Chris Charley · Accepted Answer · 2020-10-19T00:49:30.197

A regular expression will do in this example.

import re
s = "StopWhateverYouAreDoingInterestingIDontCare"
t = re.sub(r'(?<=[a-z])(?=[A-Z])|(?<=[A-Z])(?=[A-Z])', ' ', s)

Explained:

(?<=[a-z])(?=[A-Z]) - a lookbehind for a lowercase letter followed by a lookahead uppercase letter

| - (signifies or)

(?<=[A-Z])(?=[A-Z]) - a lookbehind for a uppercase letter followed by a lookahead uppercase letter

This regex substitutes a space when there is a lowercase letter followed by an uppercase letter, OR, when there is an uppercase letter followed by an uppercase letter.

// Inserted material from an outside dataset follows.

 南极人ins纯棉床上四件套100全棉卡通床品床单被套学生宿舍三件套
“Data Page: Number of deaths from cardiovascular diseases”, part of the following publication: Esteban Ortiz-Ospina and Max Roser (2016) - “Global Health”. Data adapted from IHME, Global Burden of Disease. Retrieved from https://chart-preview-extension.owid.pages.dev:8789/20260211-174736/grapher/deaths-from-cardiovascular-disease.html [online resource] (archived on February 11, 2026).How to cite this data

UPDATE: This doesn't correctly lowercase the words (with the exception of I and the first_word)

UPDATE2: The fix to this is:

import re

s = "StopWhateverYouAreDoingInterestingIDontCare"

first_word, *rest = re.split(r'(?<=[a-z])(?=[A-Z])|(?<=[A-Z])(?=[A-Z])', s)

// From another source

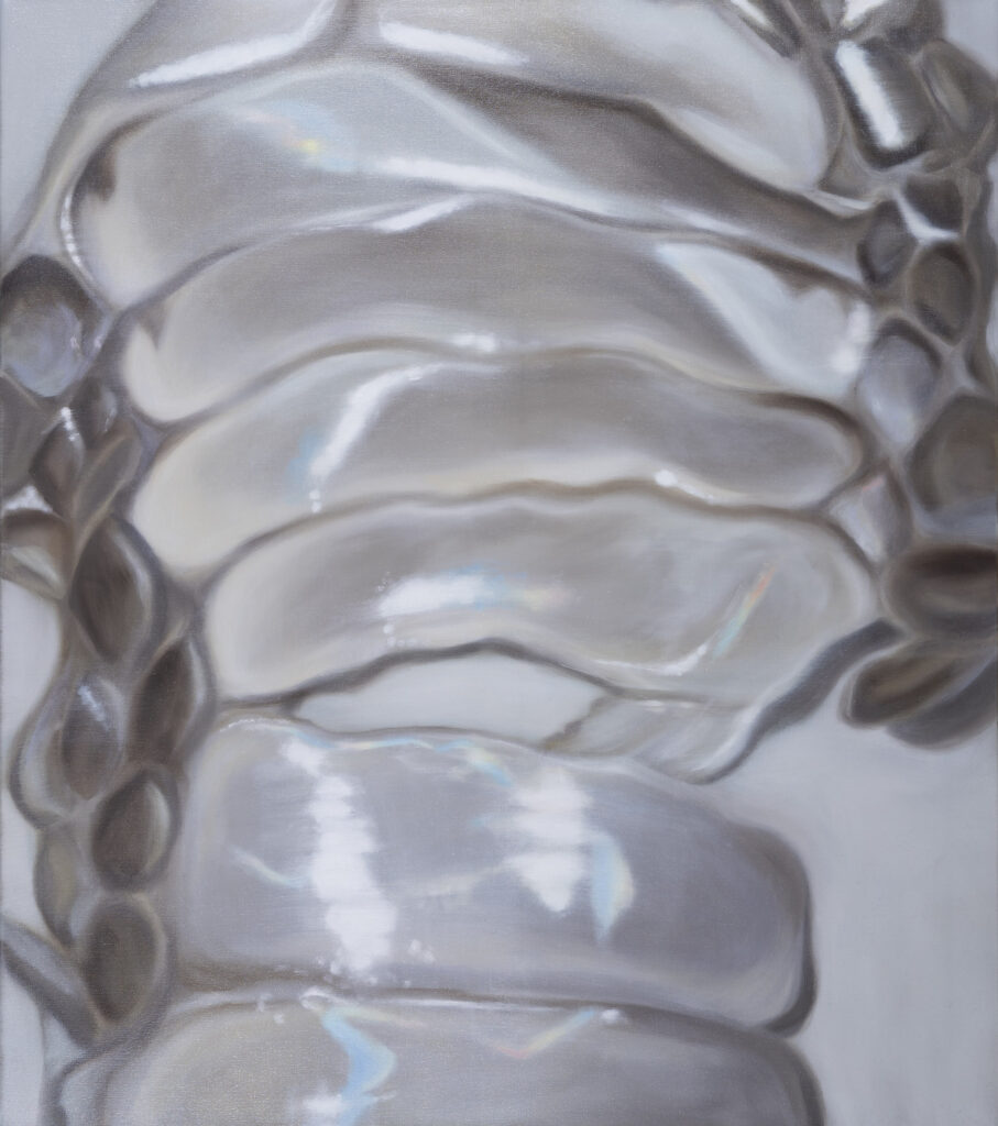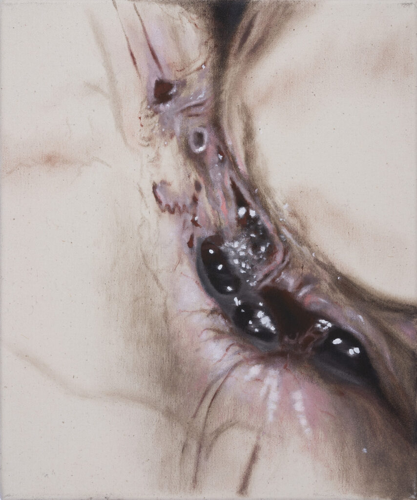 In my work images tend to get reduced to a point where they transform into a fragmented, indistinct painted surface. The perception of the human body, with its fragility, social context and relationship to nature, plays a vital role and appears in subtle traces – capturing the tension between sensibility and brutality.

rest = [word.lower() if word != 'I' else word for word in rest]

print(first_word, ' '.join(rest))

Prints:

Stop whatever you are doing interesting I dont care

Update 3: I looked at why your code failed to correctly form the sentence (which I should have done in the first place instead of posting my own solution :-)).

Here is the corrected code with some remarks about the changes.

string_input = "StopWhateverYouAreDoingInterestingIDontCare"

def organize_string():
   start_sentence = string_input[0] 
   #index_of_i = string_input.index("I")
   for i, char in enumerate(string_input[1:], start=1):
      if char == "I" and string_input[i + 1].isupper(): 
           start_sentence += ' ' + char          
      elif char.isupper():      
           start_sentence += ' ' + char.lower()
      else: 
           start_sentence += char
      
   return start_sentence

print(organize_string())

!. I commented out the line index_of_i = string_input.index("I") as it doesn't do what you need (it finds the index of the first capital I and not an I that should stand alone (it finds the index of the I in Interesting instead of the IDont further in the string_input string). It is not a correct statement.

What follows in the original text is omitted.